Abstract
OBJECTIVE
To review the senior resident health trainee's perceived status and need for quality improvement and patient safety (QIPS) education in the residency training program of Saudi Arabia.
METHODS
Residents of medical, dentistry, and pharmacy education were surveyed in 2023 by using pretested 10 QIPS questions. The median and interquartile range (IQR) of the score was correlated to gender, branch, and level of residency training.
RESULTS
We surveyed 202 senior residents. Males were 131 (64.9%). Residents of medical (126, 62.4%), dentistry (39, 19.3%), and pharmacy (37, 18.3%). The median score of responses to the QIPS survey was 7.0 (IQR 4.0, 11.6). The median score of residents of dentistry, medicine, and pharmacy were 10 (IQR 7.0, 12.5), 6.75 (IQR 4.0, 12.0), and 5.0 (IQR 2.5, 8.0) respectively, and was significantly different (Kruskal Wallis (KW) chi-square = 19.8, P = .001). The exposure to the QIPS project was significantly and positively associated with a high QIPS score (MW U P = .02). The variations in the score by gender (Mann Whitney P = .148) and the level of residency (KW P = .86) were not statistically significant. Three-fourths of participants feel the need for formal training about QIPS. Nearly half of the participants were not happy with the current method of QIPS training methodology. More than 40% of participants were not sure about questions about opportunities and mentorship of QIPS projects. One-third were involved in QIPS projects.
CONCLUSIONS
Although senior residents were interested in QIPS, they were dissatisfied with current methods and opportunities to execute supervised QIPS projects. Residents of dentistry and those having performed QIPS projects had higher QPIS knowledge and satisfaction with training.
Keywords
Introduction
As per the recommendations of the World Health Organization (WHO) and the Eastern Mediterranean Region of WHO (EMRO) to improve patient safety, the Ministry of Health of Saudi Arabia prioritized strategies to implement patient safety-related activities within the Vision 2030 initiative.1–3 Accordingly, postgraduate health staff training programs prepare trainees to provide high-quality and safe care to patients. These staff include doctors, dentists, nursing staff, pharmacists, and mid-level health care professionals. Quality improvement and patient safety (QIPS) education are essential components of these training programs. 1 QIPS can be defined as the utilization of robust methodological and statistical techniques to bring about positive changes in the delivery of healthcare. 4 Faculty understanding and choosing to impart the importance of QIPS to their trainees could be the first step. QIPS's role in equipping healthcare professionals with the knowledge, skills, and foundations to improve healthcare systems is well understood in the health sector.5,6
QIPS is fundamental to the provision and advancement of healthcare, as preventable errors have been identified as key causes of adverse patient events. Four residents who were exposed to QIPS in their medical education experienced greater confidence in identifying and addressing patient safety issues. 7 Surveys of physicians at primary health-care centers, residents of internal medicine and staff of tertiary hospitals reported a positive attitude toward patient safety but highlighted the need for training in QIPS.8–10 Canadian emergency medicine residents perceive a lack of QIPS educational opportunities and support in their projects and mentorship. 4 The patient safety culture perceptions in the college of dentistry were of moderate grade and varied among seniors and students. 11 The awareness of safe ergonomic practices among dentists and ophthalmologists was found to make safe and healthy working conditions for service providers and their patients.12,13
Pharmacy education in Saudi Arabia (SA) comprises diploma and degree courses. After graduation in pharmacy, there is a 2-year residency program for postgraduation and three years for PhD in SA. 14 They are labeled as clinical pharmacists and were included in the present study.

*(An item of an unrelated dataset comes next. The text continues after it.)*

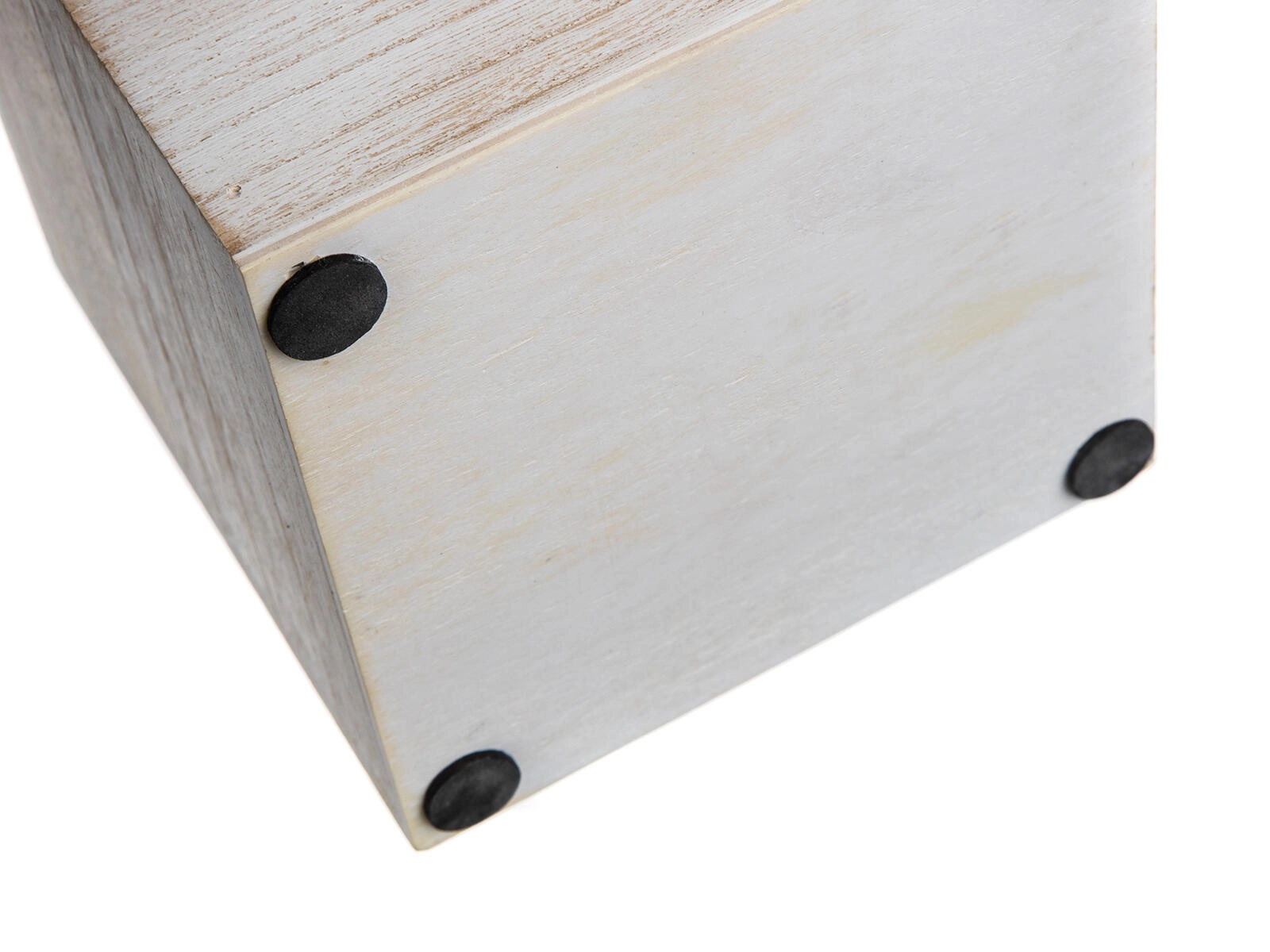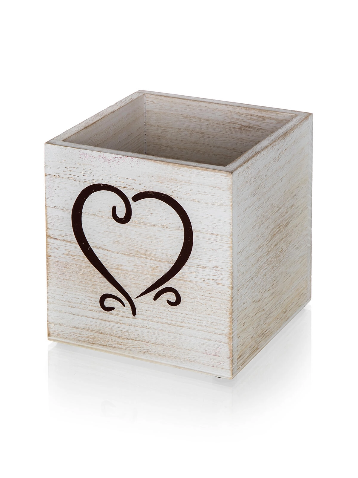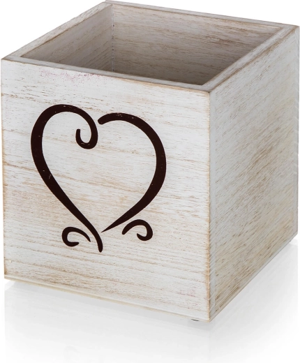 Stílusos fa doboz fehér patinával és szív motívummal, amely rusztikus bájt kölcsönöz otthonának. Kiválóan szolgál dekorációként, ceruzatartóként vagy mini kaspóként szárított virágokhoz. A stabil védőlábaknak köszönhetően óvja a felületeket, masszív kialakítása pedig hosszú élettartamot biztosít.

The senior (5th and more years) residents in health faculties are a vital workforce and need to be trained in QIPS within their training curriculum of SA. While preparing and revising such training modules, feedback from senior resident trainees will be essential to be effective and acceptable. To the best of our knowledge, no such study has been conducted in the kingdom to understand trainees’ perspectives about QIPS in existing training modules. We present the feedback of senior residents of medical, dental, and pharmacy faculties about opportunities and needs in SA, and their determinants and accordingly recommend revision of training for the QIPS.
Methods
The study was approved by the Medical Research Ethics Committee, College of Dentistry, Taibah University, SA. Ethical approval was obtained in May 2023 (TUCDREC/230523). The study was held from the first June until 10th August 2023. The senior residents of medical, dentistry, and pharmacy faculties registered with the Saudi Commission for Health Specialties were our study population. They included 2373 senior medical and dental residents plus around 1500 senior pharmacy students. The residents of the first and second years of training were excluded from the survey. Senior residents were included if they had three or more years of residency training. The participants were further grouped into “3 to 4” and “5 and more” years of residency.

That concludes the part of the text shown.